--- Material supplied Enclosed Below ---
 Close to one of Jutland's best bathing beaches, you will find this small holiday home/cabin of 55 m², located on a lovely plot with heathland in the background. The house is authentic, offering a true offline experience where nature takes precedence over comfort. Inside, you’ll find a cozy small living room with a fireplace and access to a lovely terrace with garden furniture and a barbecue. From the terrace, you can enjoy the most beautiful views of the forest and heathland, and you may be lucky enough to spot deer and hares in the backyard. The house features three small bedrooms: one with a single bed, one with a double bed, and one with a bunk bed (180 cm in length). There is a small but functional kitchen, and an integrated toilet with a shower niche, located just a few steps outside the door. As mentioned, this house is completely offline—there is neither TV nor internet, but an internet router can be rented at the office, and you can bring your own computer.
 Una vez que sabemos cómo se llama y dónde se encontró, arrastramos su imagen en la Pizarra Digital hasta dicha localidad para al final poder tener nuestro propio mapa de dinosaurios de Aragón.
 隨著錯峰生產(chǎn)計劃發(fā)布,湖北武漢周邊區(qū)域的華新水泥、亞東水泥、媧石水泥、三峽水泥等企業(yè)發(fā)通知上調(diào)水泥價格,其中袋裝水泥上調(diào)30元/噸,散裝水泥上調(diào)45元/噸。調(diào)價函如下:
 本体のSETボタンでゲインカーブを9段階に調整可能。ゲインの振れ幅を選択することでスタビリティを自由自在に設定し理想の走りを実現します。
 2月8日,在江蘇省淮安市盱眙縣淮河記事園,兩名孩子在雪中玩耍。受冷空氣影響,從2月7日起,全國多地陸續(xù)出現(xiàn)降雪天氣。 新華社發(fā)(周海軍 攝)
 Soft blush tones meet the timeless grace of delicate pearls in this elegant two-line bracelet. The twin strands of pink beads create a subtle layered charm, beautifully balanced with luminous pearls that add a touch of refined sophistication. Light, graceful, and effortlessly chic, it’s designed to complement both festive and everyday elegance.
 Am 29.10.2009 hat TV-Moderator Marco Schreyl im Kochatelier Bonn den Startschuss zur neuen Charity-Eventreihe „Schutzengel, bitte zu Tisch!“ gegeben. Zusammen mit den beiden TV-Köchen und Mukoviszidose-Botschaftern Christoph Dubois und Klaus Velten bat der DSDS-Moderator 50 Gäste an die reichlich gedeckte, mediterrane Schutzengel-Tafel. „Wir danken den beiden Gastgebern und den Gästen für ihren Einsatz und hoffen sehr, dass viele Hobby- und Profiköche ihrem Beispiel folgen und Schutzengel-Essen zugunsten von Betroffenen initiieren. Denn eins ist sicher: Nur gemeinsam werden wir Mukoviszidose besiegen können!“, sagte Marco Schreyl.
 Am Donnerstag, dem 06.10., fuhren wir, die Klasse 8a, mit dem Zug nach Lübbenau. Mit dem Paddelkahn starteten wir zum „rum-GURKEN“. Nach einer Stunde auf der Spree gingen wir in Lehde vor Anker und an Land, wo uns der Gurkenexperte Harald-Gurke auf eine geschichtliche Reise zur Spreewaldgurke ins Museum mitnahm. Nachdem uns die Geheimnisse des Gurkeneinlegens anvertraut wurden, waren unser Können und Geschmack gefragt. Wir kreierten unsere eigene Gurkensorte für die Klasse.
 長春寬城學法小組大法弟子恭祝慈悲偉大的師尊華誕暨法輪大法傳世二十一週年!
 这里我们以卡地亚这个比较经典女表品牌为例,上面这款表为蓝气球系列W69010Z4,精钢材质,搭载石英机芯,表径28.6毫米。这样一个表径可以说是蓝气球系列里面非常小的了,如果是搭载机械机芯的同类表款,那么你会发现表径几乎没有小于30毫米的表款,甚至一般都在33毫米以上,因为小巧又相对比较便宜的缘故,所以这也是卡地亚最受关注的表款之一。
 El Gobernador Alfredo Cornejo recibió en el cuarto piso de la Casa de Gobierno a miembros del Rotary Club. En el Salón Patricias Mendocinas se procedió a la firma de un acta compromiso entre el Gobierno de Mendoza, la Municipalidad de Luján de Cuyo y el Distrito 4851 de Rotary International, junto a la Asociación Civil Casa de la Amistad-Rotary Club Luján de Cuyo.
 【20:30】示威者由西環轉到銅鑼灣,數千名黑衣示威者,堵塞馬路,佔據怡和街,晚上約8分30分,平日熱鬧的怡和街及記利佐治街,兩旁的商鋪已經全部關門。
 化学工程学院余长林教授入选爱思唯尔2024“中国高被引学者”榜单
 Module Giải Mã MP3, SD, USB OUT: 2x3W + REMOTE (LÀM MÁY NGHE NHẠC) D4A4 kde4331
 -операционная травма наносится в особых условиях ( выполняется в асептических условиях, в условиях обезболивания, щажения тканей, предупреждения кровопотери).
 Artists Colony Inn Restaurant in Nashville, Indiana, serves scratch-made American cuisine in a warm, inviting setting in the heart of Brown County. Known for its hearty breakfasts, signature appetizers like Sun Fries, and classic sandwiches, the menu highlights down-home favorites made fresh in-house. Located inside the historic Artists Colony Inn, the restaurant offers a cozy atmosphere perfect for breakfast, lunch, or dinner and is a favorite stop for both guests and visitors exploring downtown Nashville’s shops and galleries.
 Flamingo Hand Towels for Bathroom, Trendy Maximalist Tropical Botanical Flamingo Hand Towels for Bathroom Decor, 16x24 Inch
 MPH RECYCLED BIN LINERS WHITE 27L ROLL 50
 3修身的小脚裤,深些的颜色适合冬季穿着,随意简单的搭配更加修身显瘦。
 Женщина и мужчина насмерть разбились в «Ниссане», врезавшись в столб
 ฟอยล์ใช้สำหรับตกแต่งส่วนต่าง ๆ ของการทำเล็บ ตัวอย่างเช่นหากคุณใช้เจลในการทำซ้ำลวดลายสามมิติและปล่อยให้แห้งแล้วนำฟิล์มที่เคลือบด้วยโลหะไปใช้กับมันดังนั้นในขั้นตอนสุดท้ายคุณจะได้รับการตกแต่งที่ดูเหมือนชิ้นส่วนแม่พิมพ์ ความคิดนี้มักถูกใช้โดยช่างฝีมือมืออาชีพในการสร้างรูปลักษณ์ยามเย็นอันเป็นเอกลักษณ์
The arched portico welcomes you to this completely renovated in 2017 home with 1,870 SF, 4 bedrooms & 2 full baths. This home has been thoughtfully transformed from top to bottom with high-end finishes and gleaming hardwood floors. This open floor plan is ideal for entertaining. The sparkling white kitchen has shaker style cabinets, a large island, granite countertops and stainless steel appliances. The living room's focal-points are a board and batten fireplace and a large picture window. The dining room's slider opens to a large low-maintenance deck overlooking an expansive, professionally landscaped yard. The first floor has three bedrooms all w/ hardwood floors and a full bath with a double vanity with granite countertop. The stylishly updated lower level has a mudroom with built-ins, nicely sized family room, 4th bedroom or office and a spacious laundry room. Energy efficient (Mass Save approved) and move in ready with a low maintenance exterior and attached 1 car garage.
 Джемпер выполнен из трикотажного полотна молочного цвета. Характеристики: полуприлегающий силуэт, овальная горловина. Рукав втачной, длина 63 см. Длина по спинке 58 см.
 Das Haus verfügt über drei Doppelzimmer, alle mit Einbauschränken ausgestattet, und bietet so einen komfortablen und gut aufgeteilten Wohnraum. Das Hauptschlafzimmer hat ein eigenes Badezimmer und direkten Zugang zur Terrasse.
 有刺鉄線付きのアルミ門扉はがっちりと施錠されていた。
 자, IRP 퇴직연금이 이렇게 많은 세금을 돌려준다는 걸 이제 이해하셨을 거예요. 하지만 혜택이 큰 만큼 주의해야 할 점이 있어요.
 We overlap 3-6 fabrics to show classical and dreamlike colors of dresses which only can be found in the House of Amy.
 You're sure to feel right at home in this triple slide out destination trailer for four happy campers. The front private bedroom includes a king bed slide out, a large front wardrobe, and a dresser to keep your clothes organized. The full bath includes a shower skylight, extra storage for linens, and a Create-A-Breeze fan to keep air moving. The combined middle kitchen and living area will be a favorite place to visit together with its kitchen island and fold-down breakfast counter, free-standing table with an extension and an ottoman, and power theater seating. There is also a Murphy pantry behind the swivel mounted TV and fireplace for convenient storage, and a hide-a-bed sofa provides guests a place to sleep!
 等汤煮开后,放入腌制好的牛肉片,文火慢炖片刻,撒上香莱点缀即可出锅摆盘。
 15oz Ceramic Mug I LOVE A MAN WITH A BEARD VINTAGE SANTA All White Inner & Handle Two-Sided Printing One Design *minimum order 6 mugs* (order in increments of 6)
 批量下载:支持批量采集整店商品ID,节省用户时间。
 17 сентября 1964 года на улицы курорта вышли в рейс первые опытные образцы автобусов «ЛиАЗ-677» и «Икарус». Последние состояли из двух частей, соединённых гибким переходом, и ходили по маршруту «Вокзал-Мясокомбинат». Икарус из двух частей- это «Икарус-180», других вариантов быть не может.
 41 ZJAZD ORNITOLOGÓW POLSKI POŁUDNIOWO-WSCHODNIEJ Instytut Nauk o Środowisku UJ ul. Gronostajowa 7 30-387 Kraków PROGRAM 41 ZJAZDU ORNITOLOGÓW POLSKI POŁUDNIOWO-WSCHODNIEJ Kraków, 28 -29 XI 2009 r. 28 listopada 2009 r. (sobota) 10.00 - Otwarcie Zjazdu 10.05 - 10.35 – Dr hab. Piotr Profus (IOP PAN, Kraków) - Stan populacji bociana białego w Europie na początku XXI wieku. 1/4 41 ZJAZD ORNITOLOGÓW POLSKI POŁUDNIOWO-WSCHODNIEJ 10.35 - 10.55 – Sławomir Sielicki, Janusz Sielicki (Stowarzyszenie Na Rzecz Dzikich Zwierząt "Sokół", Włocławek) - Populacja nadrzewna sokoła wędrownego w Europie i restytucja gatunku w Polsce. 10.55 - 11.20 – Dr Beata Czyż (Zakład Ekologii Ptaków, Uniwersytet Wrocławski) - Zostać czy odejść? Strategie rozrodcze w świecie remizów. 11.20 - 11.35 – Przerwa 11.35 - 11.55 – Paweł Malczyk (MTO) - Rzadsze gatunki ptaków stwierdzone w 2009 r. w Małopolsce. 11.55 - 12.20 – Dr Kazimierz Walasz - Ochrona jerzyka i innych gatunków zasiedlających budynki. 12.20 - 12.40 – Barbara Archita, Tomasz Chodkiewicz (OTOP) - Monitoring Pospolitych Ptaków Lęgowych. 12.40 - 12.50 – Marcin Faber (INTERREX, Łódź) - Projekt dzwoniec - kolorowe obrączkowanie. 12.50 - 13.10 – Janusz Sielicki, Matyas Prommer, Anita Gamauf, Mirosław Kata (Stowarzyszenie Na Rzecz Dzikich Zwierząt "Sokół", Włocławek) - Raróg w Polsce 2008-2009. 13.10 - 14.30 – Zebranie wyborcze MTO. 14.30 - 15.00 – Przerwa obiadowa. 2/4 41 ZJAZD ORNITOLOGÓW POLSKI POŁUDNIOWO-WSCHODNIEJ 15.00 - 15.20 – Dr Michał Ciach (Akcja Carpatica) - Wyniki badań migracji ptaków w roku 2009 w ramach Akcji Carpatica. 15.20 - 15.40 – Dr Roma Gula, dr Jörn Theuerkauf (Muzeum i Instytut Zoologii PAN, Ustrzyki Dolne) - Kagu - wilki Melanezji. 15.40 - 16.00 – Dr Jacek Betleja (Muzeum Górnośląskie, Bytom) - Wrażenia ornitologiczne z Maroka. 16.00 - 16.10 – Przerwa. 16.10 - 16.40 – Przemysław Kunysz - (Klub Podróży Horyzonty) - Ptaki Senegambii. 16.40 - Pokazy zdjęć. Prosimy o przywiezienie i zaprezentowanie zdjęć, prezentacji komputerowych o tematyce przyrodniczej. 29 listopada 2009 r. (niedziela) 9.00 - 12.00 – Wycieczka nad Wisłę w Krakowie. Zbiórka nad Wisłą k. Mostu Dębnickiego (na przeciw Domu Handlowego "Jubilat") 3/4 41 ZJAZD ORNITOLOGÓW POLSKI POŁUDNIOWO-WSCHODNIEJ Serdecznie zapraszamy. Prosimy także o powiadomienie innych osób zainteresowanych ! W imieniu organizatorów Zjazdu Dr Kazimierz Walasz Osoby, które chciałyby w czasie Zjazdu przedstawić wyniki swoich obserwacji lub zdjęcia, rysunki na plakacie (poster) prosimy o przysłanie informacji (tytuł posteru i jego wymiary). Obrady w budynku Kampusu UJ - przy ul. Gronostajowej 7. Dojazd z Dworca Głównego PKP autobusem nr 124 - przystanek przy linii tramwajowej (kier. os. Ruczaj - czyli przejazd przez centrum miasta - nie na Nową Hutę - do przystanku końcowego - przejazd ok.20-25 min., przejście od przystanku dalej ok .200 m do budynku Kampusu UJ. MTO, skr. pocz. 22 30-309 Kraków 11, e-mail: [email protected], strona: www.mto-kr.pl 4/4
--- End of Enclosed Material supplied ---
Description of the task: When you reach the line with "You're sure to" in the records above, start writing out lines exactly, and stop once the line with "17 сентября 1964" has been written; include nothing else.

Written response:
 You're sure to feel right at home in this triple slide out destination trailer for four happy campers. The front private bedroom includes a king bed slide out, a large front wardrobe, and a dresser to keep your clothes organized. The full bath includes a shower skylight, extra storage for linens, and a Create-A-Breeze fan to keep air moving. The combined middle kitchen and living area will be a favorite place to visit together with its kitchen island and fold-down breakfast counter, free-standing table with an extension and an ottoman, and power theater seating. There is also a Murphy pantry behind the swivel mounted TV and fireplace for convenient storage, and a hide-a-bed sofa provides guests a place to sleep!
 等汤煮开后,放入腌制好的牛肉片,文火慢炖片刻,撒上香莱点缀即可出锅摆盘。
 15oz Ceramic Mug I LOVE A MAN WITH A BEARD VINTAGE SANTA All White Inner & Handle Two-Sided Printing One Design *minimum order 6 mugs* (order in increments of 6)
 批量下载:支持批量采集整店商品ID,节省用户时间。
 17 сентября 1964 года на улицы курорта вышли в рейс первые опытные образцы автобусов «ЛиАЗ-677» и «Икарус». Последние состояли из двух частей, соединённых гибким переходом, и ходили по маршруту «Вокзал-Мясокомбинат». Икарус из двух частей- это «Икарус-180», других вариантов быть не может.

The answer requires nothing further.